PROBLEM TO SOLVE ▸
Copy the following data exactly and drop the pictures.

DATA BLOCK ▸
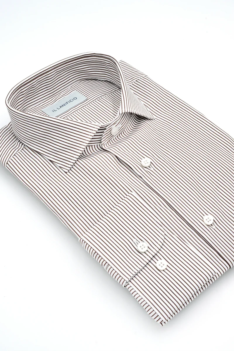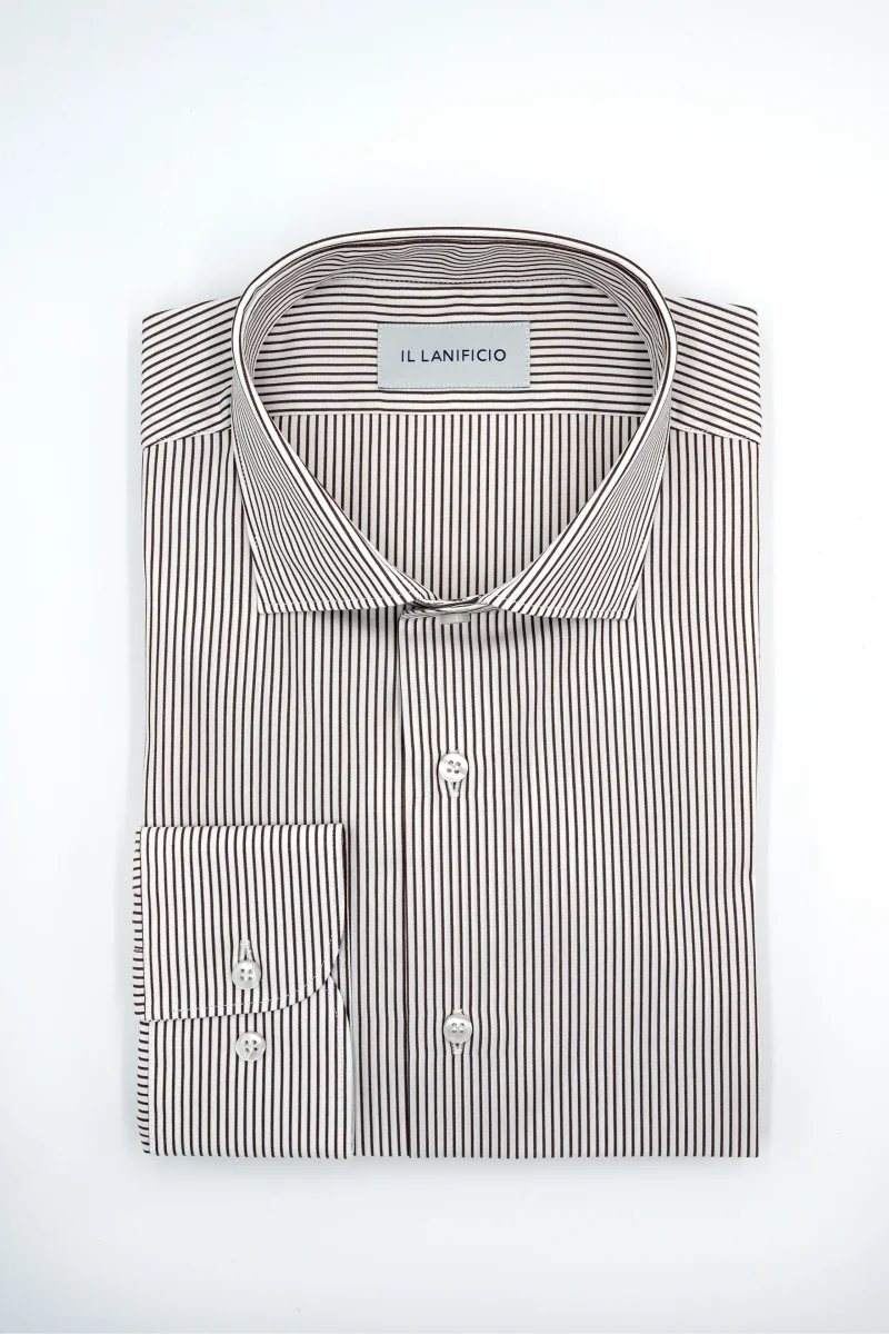 Camicia Fantasia Custom Fit in Cotone Dobby – MARRONE RIGATO
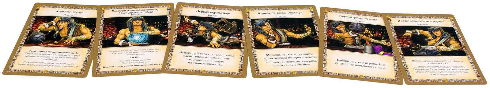 Таверны. Как обычно в коробке предлагаются четыре новых персонажа со своим уникальным набором карт, планшеты игроков, карты новых напитков и необходимые жетоны.
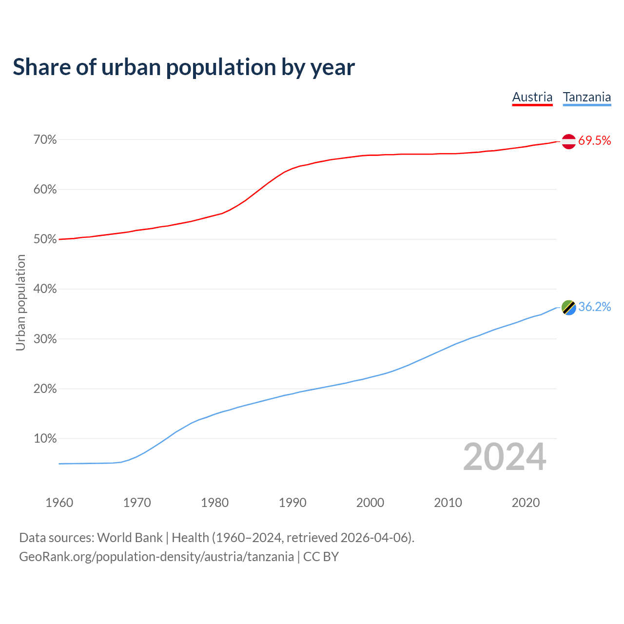 From 2004 to 2024, the share of urban population changed from 67% to 69.5% in Austria and from 24.1% to 36.2% in Tanzania.

TASK SOLUTION ▸
 Camicia Fantasia Custom Fit in Cotone Dobby – MARRONE RIGATO
 Таверны. Как обычно в коробке предлагаются четыре новых персонажа со своим уникальным набором карт, планшеты игроков, карты новых напитков и необходимые жетоны.
 From 2004 to 2024, the share of urban population changed from 67% to 69.5% in Austria and from 24.1% to 36.2% in Tanzania.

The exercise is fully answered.